Wat is het bizarste dat je ooit mee hebt gemaakt tijdens een concert?
Dat was met Stan Getz. Tijdens de repetitie glimlachte hij en zei: ‘Hey man, nice rhythm!’ Tijdens het concert ging het mis. Stan draait zich om en zegt: ‘Sorry John, I was wrong.’ Ik ben een ballad freak, daar hoor je pas de waarheid. Er zijn niet zoveel noten voor nodig, het gaat om het verhaal wat je speelt.

Waar vind je inspiratie?
Als ik met mensen samenspeel en we zitten op dezelfde golflengte, dan inspireren we elkaar. Als ik anderen hoor spelen, zorgt dat ook voor inspiratie. Uitstraling van mensen is zó belangrijk. Als iedereen maar gaat egotrippen, word ik gek.

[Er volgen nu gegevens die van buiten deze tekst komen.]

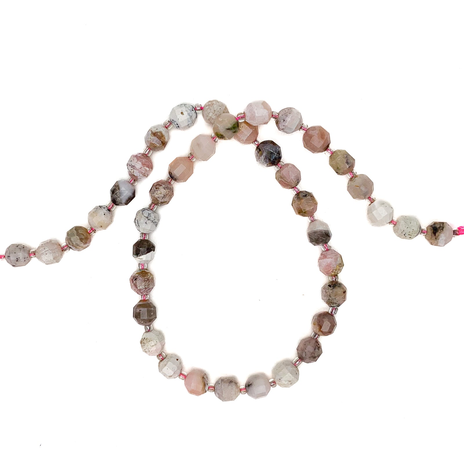 Pink Opal 7mm Faceted Drums Bead Strand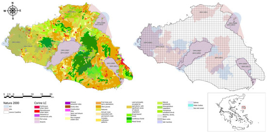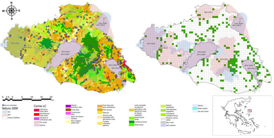 Distribution map of the mainland habitats across the island of Lesvos. The island is divided into a 1 × 1 km grid to facilitate field surveys. Key geographical features, including Natura 2000 sites, are highlighted. The inset map shows the location of Lesvos within Greece (red frame).
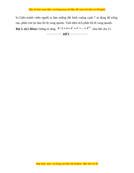 Bài 5. (0,5 điểm) Chứng tỏ rằng: chia hết cho 21.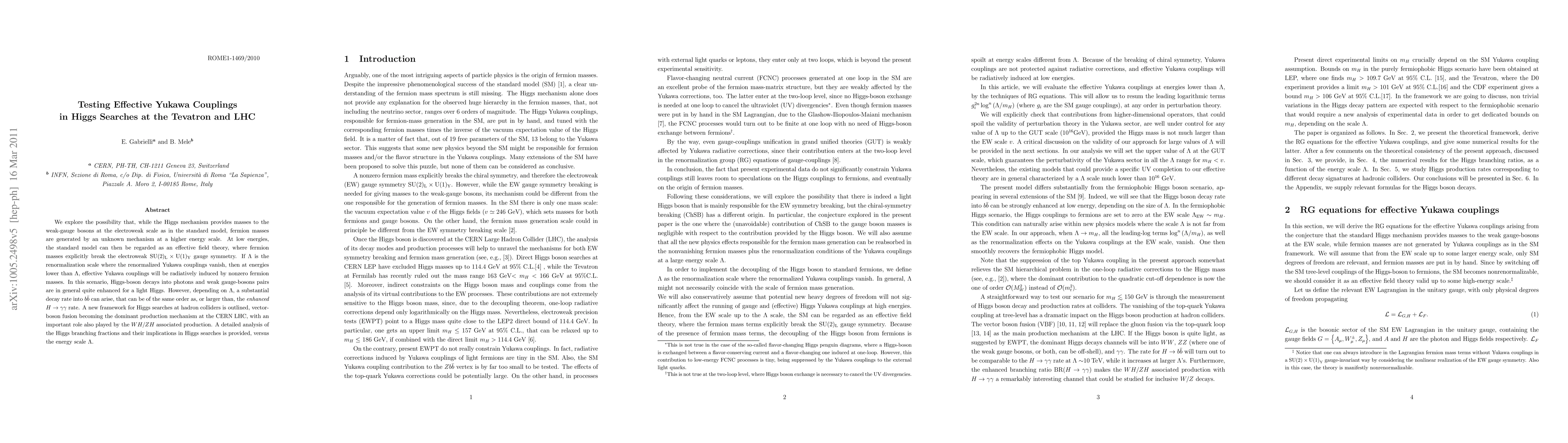 We explore the possibility that, while the Higgs mechanism provides masses to the weak-gauge bosons at the electroweak scale as in the standard model, fermion masses are generated by an unknown mechanism at a higher energy scale. At low energies, the standard model can then be regarded as an effective field theory, where fermion masses explicitly break the electroweak SU(2)_L \times U(1)_Y gauge symmetry. If \Lambda is the renormalization scale where the renormalized Yukawa couplings vanish, then at energies lower than \Lambda, effective Yukawa couplings will be radiatively induced by nonzero fermion masses. In this scenario, Higgs-boson decays into photons and weak gauge-bosons pairs are in general quite enhanced for a light Higgs. However, depending on \Lambda, a substantial decay rate into b \bar{b} can arise, that can be of the same order as, or larger than, the enhanced H\to gamma gamma rate. A new framework for Higgs searches at hadron colliders is outlined, vector-boson fusion becoming the dominant production mechanism at the CERN LHC, with an important role also played by the WH/ZH associated production. A detailed analysis of the Higgs branching fractions and their implications in Higgs searches is provided, versus the energy scale \Lambda.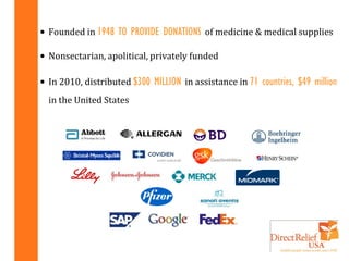 Direct Relief USA, founded in 1948, is a nonsectarian organization providing medical donations and assistance, distributing $300 million in 2010 across 71 countries, including $49 million in the U.S. It focuses on maternal and child health, disease prevention, and strengthening health systems, aiming to enhance access to care for the uninsured and underserved populations. The organization has a network of over 1,000 clinics nationwide and has been pivotal in emergency responses, especially after disasters like Hurricane Katrina.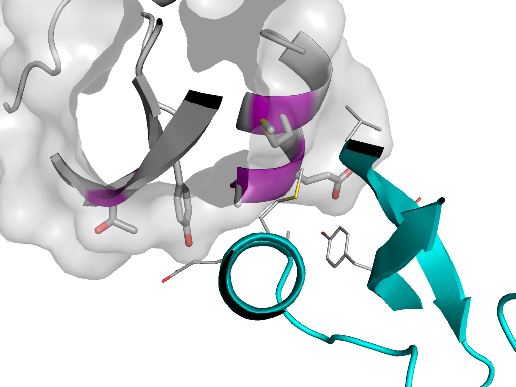 | e1b0cC1 | B:-X+Y,Y,-Z+1->C:x,y,z | BPTI-like | Interaction Interface Pymol |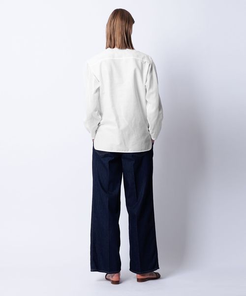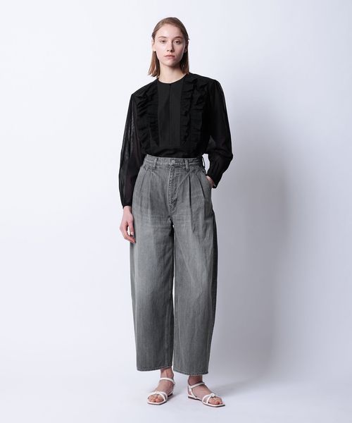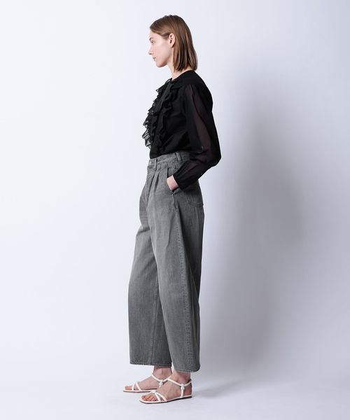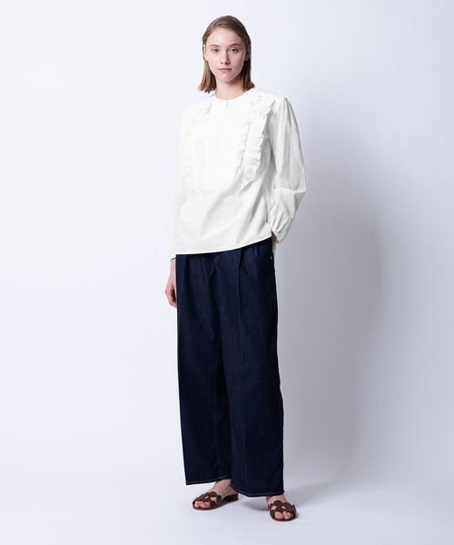 パンツやスカートにタックインしてもラッフルが映えるスタイリングに仕上がります。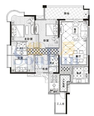 房屋拥有相对宽松的尺寸,布局通透,动静分离,设计豪华

Wat is het spannendste dat je ooit hebt ondernomen?
Concerten met alle buitenlanders, met name de Amerikanen. Maar ook met collega-muzikanten in Nederland. Met die Amerikanen werd er geteld: one, two, you know what to do! Zo ging het met Chet, met Phil Woods, met Sonny Stitt. Ik had nog nooit met die mensen gespeeld, werd zo het podium op gegooid. Dat is een geweldige uitdaging natuurlijk. Je moet maar zo denken dat de shit elke dag opnieuw begint. De blues is daarbij het allerbelangrijkste wat er is. Ik ben een bassistenfreak. Vond het een eer om met Ray Brown te spelen. Het heeft alles met het oor en het hart te maken. Ik zal je nog een anekdote vertellen. Ik moest halsoverkop naar Arnhem om als invaller bij de Mingus Dynasty te spelen. Zit ik tijdens het concert te drummen en zie ik m’n auto de lucht in gaan: verkeerd geparkeerd en weggesleept. Kostte me een flinke boete.

John Engels: “Met die Amerikanen werd er geteld: one, two, you know what to do!”

Welk muziekstuk of album heeft voor jou een speciale betekenis?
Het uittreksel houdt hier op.